§ **Data extracted from a collection**

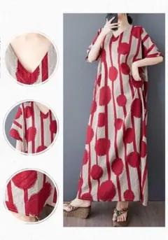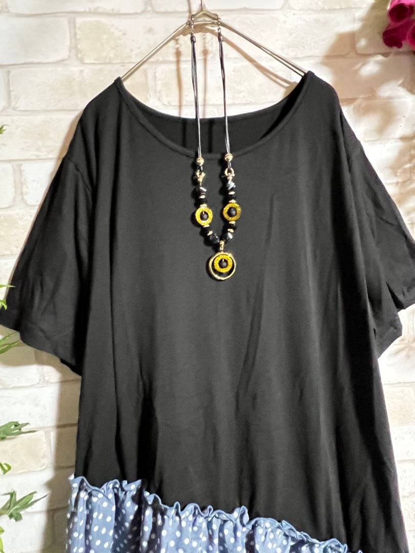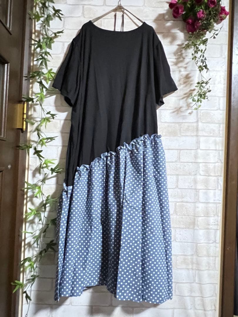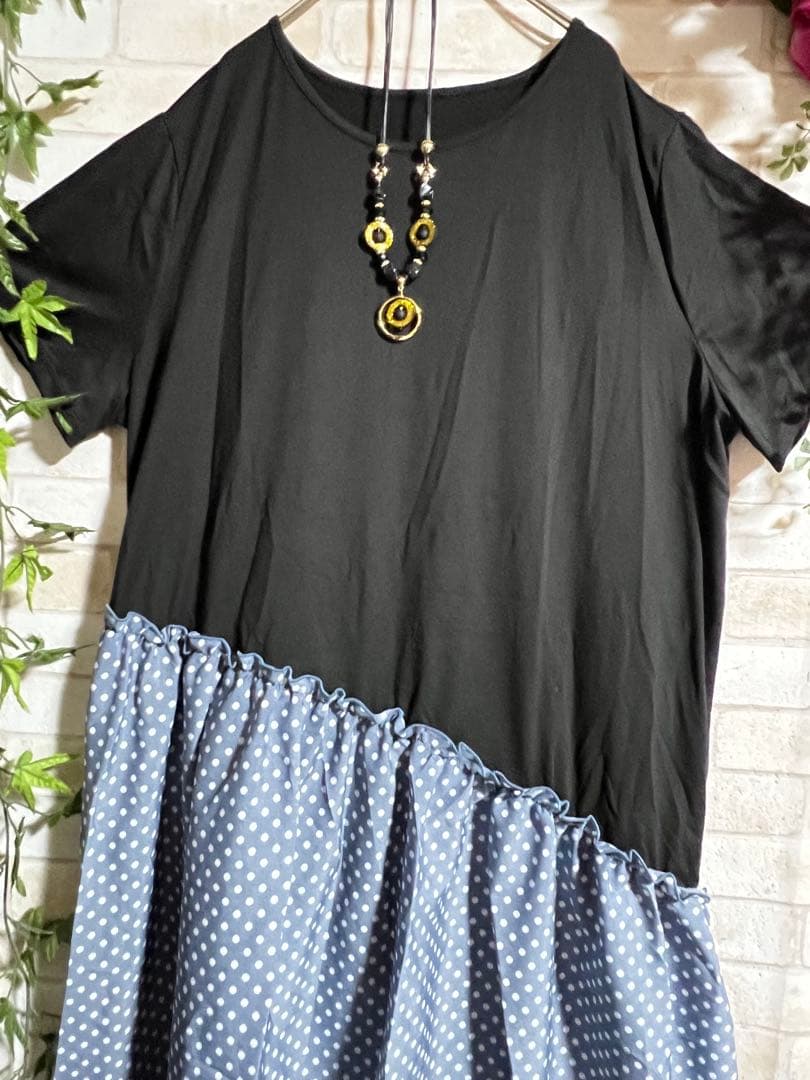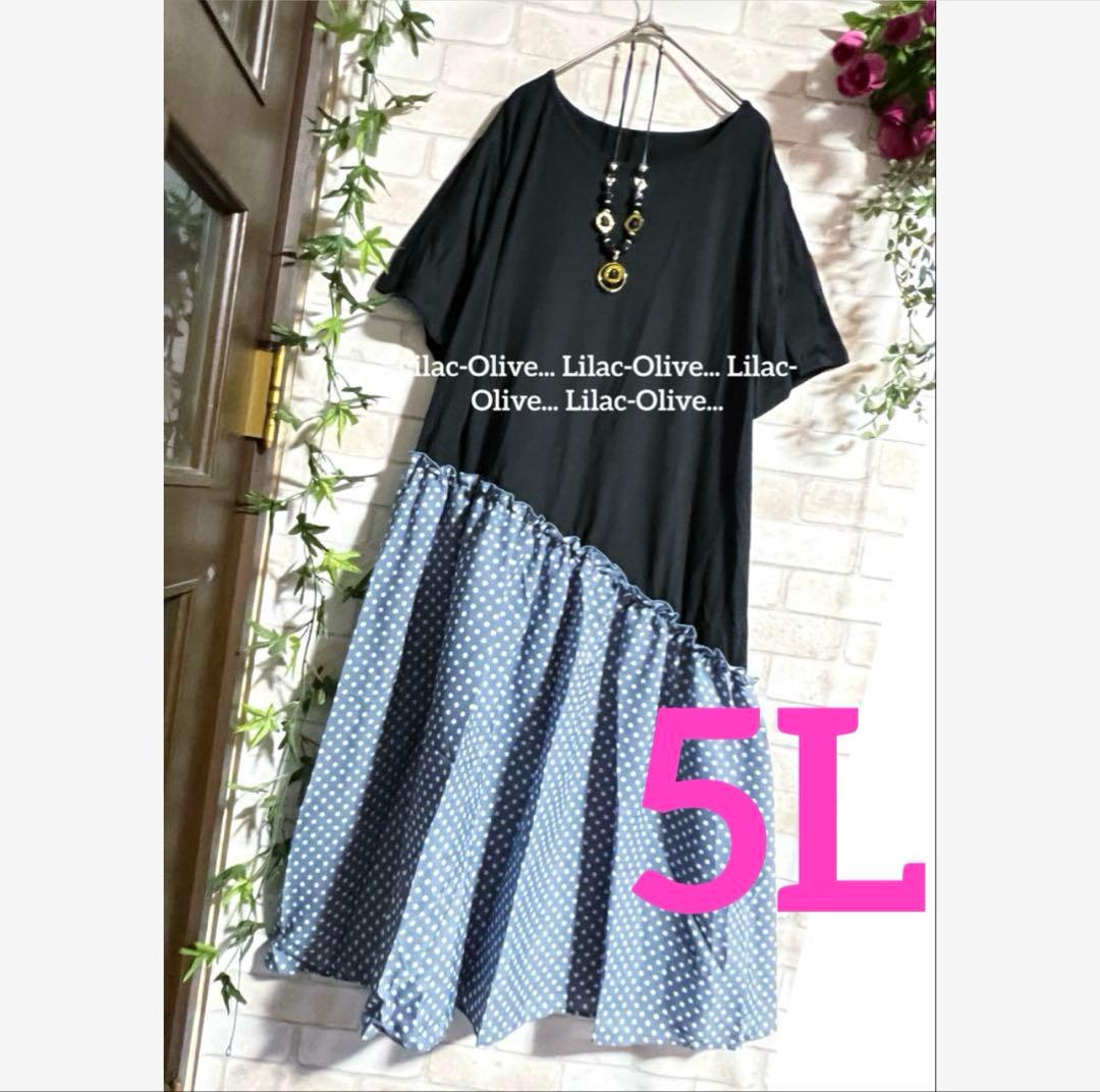 ❤️3968新品⭐️5L*斜めドット柄切替ふんわりロングワンピース大きいサイズ
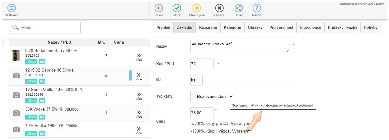 Rychlou nápovědu získáte i postátím kurzorem myši nebo klikem na název
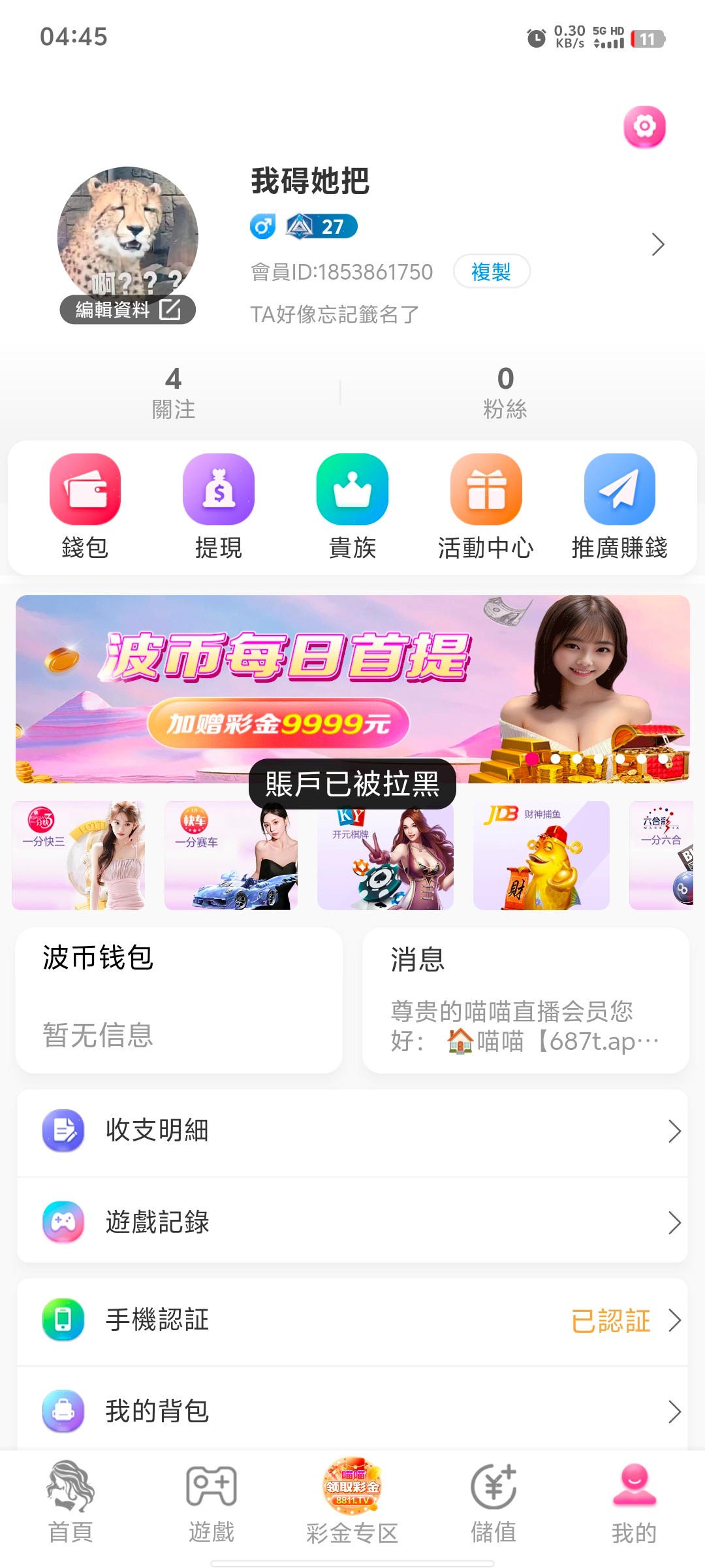 18年彩票入坑,19年红了差不多40个。然后娶了个媳妇 生了小孩之后就没玩过了 之后离婚了 然后慢慢有继续的赌回来了。去年接触电子 然后就没盈利过。妈的戒赌了 赌徒没好下场
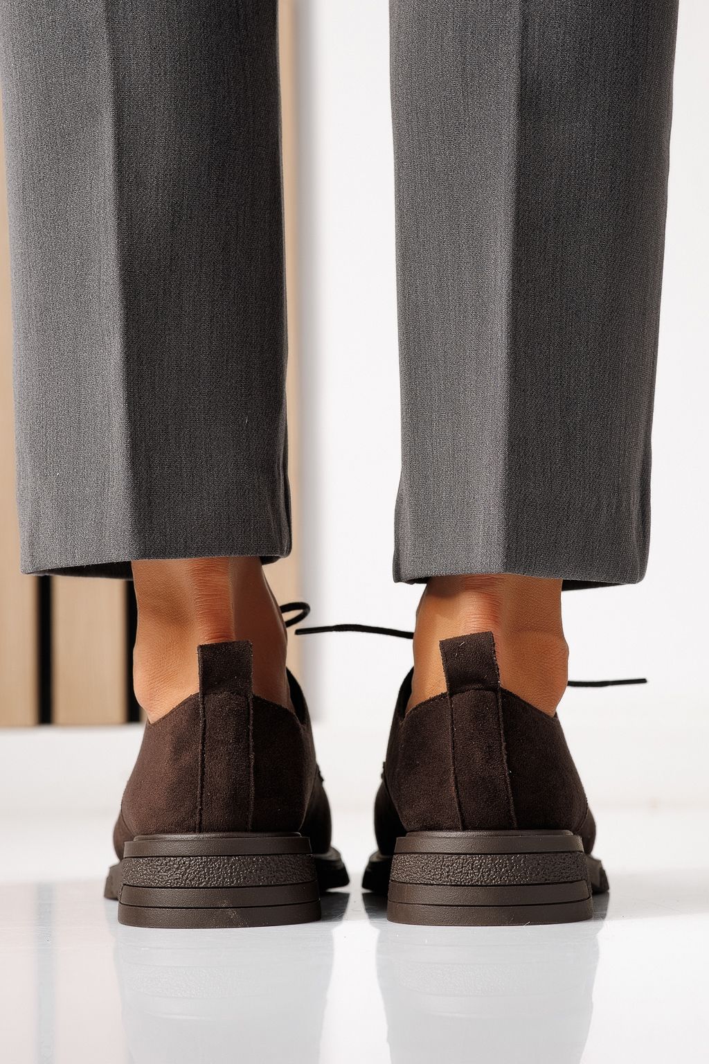 Pantofi casual dama maro din piele ecologica intoarsa Bellamy #24893
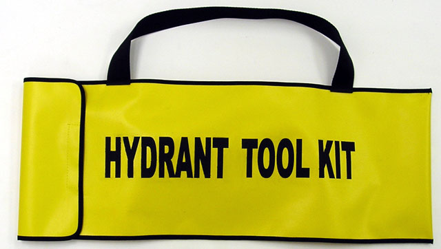 Convenient storage and transport of spanner and hydrant wrenches. Two sets of heavy Velcro straps on back of tool kit easily attach to any size fire hose. *Tools not included
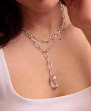 Materiales: Cordón de hilo de seda 140 cm. Dije de vidrio murano.
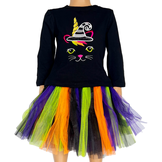 Big Girls Halloween Black Cat Shirt and Tulle Skirt
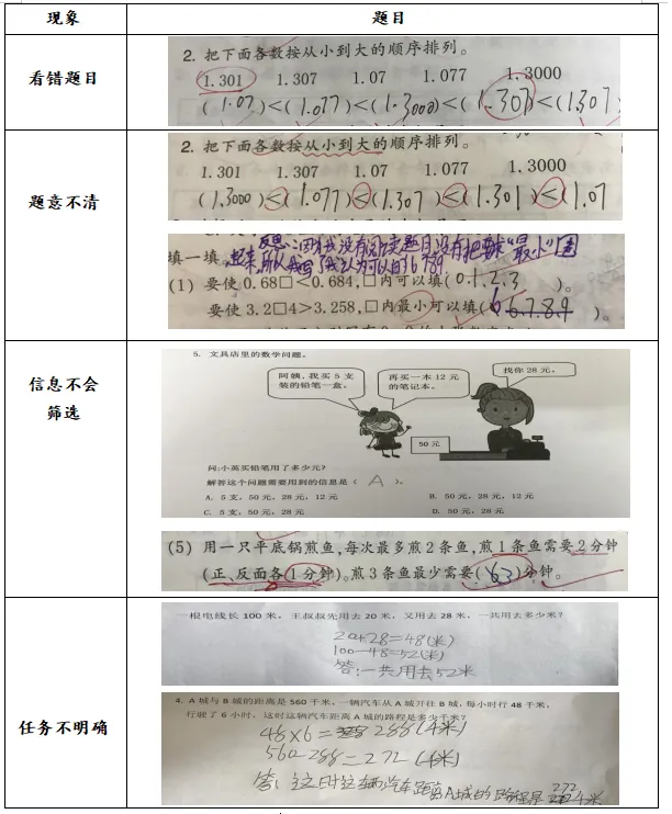 平时教学中,我们经常发现这样的现象:学生做题时抄错题目中的数字;看错运算符号;题意没弄清楚或者题目没读完就草草答题;题目有多余信息或者多个信息解决多个问题时不会选择合适的信息解决问题;还有的问题很简单,学生一看就知道该如何解答,却还常常犯同样的错误。我们通常会把这些错误的原因归咎于学生太马虎、粗心。因此,我们在做作业之前都会跟学生说“细心点”,但学生依旧粗心。我们来看以下案例:
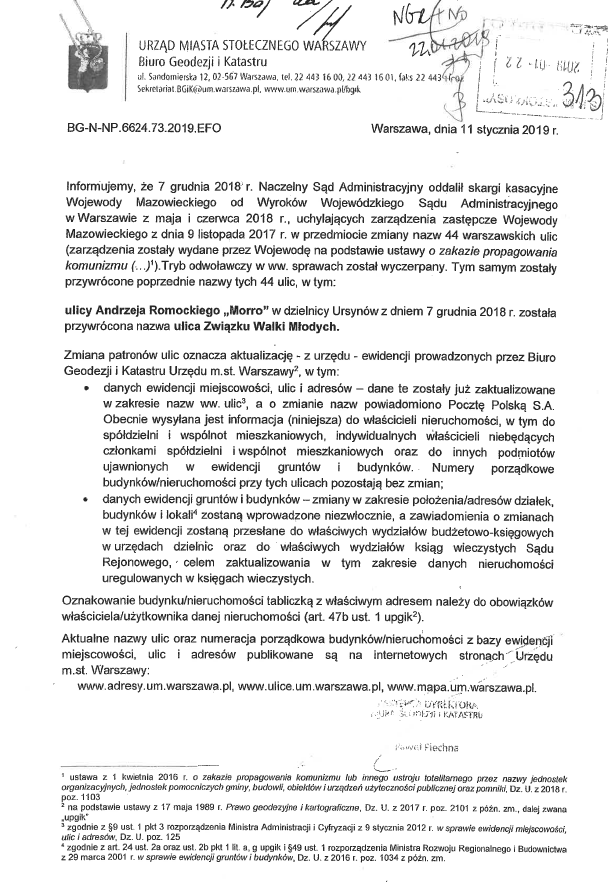 Inf. Urzędu Miasta st. Warszawy o zmianie nazwy ulicy i przywróceniu nazwy ulicy Związku Walki Młodych
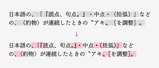 FONTPLUSでは今回、この課題を解決するためにOpenType機能の「chws(Contextual Half-width Spacing)」と「vchw(Vertical Contextual Half-width Spacing)」を組み込んだウェブフォントを開発した。chws/vchwは、それぞれ横書きと縦書きのテキストで、日本語の約物が特定の組み合わせで連続した場合のアキを調整する機能となる。

§ **PROBLEM TO SOLVE**
Reproduce exactly and only the lines from the one with "Inf. Urzędu Miasta" through the final line of the records above, inclusive. Pictures must be left out.

§ **WRITTEN SOLUTION**
 Inf. Urzędu Miasta st. Warszawy o zmianie nazwy ulicy i przywróceniu nazwy ulicy Związku Walki Młodych
 FONTPLUSでは今回、この課題を解決するためにOpenType機能の「chws(Contextual Half-width Spacing)」と「vchw(Vertical Contextual Half-width Spacing)」を組み込んだウェブフォントを開発した。chws/vchwは、それぞれ横書きと縦書きのテキストで、日本語の約物が特定の組み合わせで連続した場合のアキを調整する機能となる。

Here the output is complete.